▶ [ASSIGNMENT] Leave out the pictures, and write out exactly the lines from the beginning of the material to the line holding "La gratuidad se", that line included, and nothing else.

EXERCISE INPUT below:

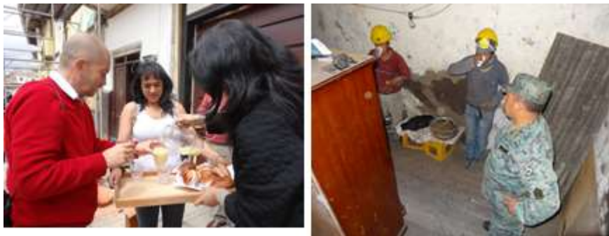
Figuras 9 y 10. Proyecto vliirCPM , Momentos en los que los propietarios compartían un refrigerio. (2014)

En toda minga existen contrapartes. En el caso de San Roque el barrio asumió en forma organizada y responsable el pago de la mano de obra especializada de los maestros-albañiles, el costo que correspondía al tiempo que el albañil trabajó en su predio, calculándose este rubro por horas/día de trabajo. Igualmente fue responsabilidad del propietario el ofrecer refrigerios para el personal que laboraba en el predio, aspecto importante por la fuerza y dificultad de las jornadas de trabajo. Es interesante señalar que por propia iniciativa, el barrio se organizó bajo la estructura de la minga para elaborar los refrigerios. (Figuras 9 y 10)
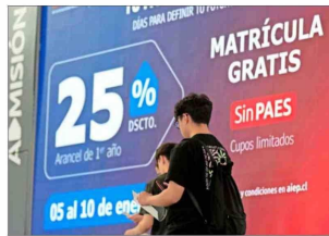
La gratuidad se otorga a quienes acreditan pertenecer al 60% más vulnerable de la población. Más de 625 mil personas estudian hoy con el beneficio.

También destaca que "la mayoría de esta información proviene de registros administrativos que no dependen de lo que el postulante declara, lo que le otorga al modelo una objetividad que los mecanismos anteriores no tenían".
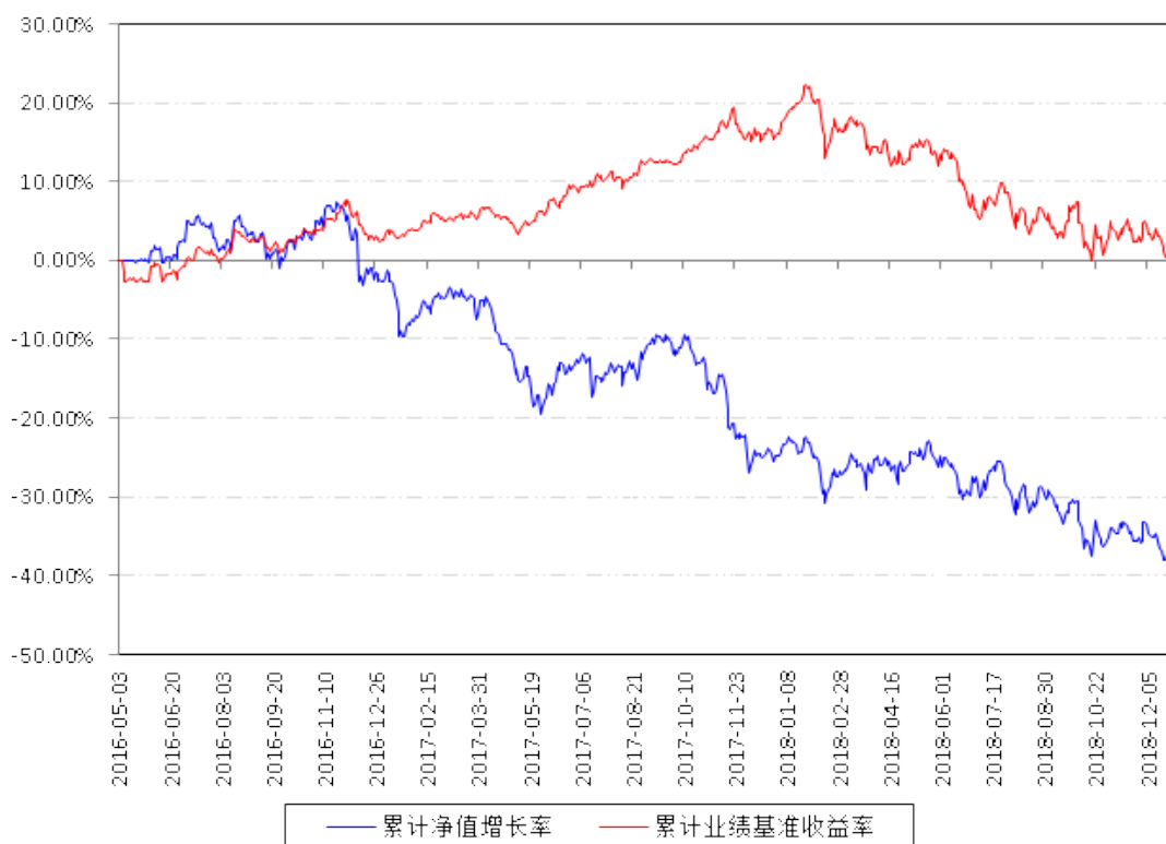
南方新兴龙头灵活配置混合累计净值增长率与同期业绩比较基准收益率的历史走势对比图
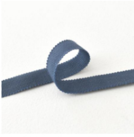
428(グレイッシュブルー)
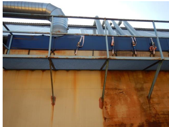
2. Luft fra udsugning føres igennem vandtank så små stykker polystyren bliver fanget.
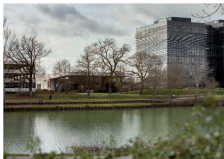
Parc d'Activités Enova Labège-Toulouse
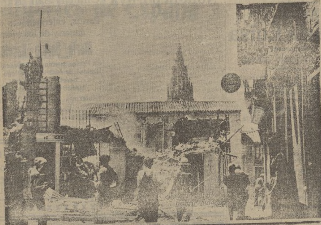
Las predicaciones de los «intelectuales» de la República llevan a sus aventajados y rojos discípulos a la destrucción de Toledo como prueba de respeto a la Belleza y el Arte
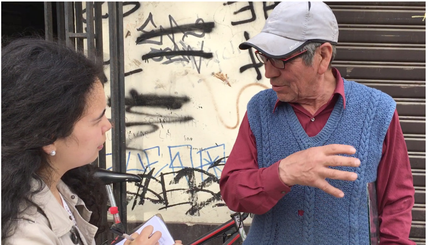
Figura 9. Entrevista flash vecinos

Además, en un principio considerábamos una muestra de adultos porque teníamos la percepción de que eran los que más participaban de las actividades comunitarias. Luego de las entrevistas notamos que los adultos mayores también formaban parte de estas actividades y eran beneficiados con proyectos de la Municipalidad.

End of EXERCISE INPUT.

▶ [RESPONSE]
Figuras 9 y 10. Proyecto vliirCPM , Momentos en los que los propietarios compartían un refrigerio. (2014)

En toda minga existen contrapartes. En el caso de San Roque el barrio asumió en forma organizada y responsable el pago de la mano de obra especializada de los maestros-albañiles, el costo que correspondía al tiempo que el albañil trabajó en su predio, calculándose este rubro por horas/día de trabajo. Igualmente fue responsabilidad del propietario el ofrecer refrigerios para el personal que laboraba en el predio, aspecto importante por la fuerza y dificultad de las jornadas de trabajo. Es interesante señalar que por propia iniciativa, el barrio se organizó bajo la estructura de la minga para elaborar los refrigerios. (Figuras 9 y 10)
La gratuidad se otorga a quienes acreditan pertenecer al 60% más vulnerable de la población. Más de 625 mil personas estudian hoy con el beneficio.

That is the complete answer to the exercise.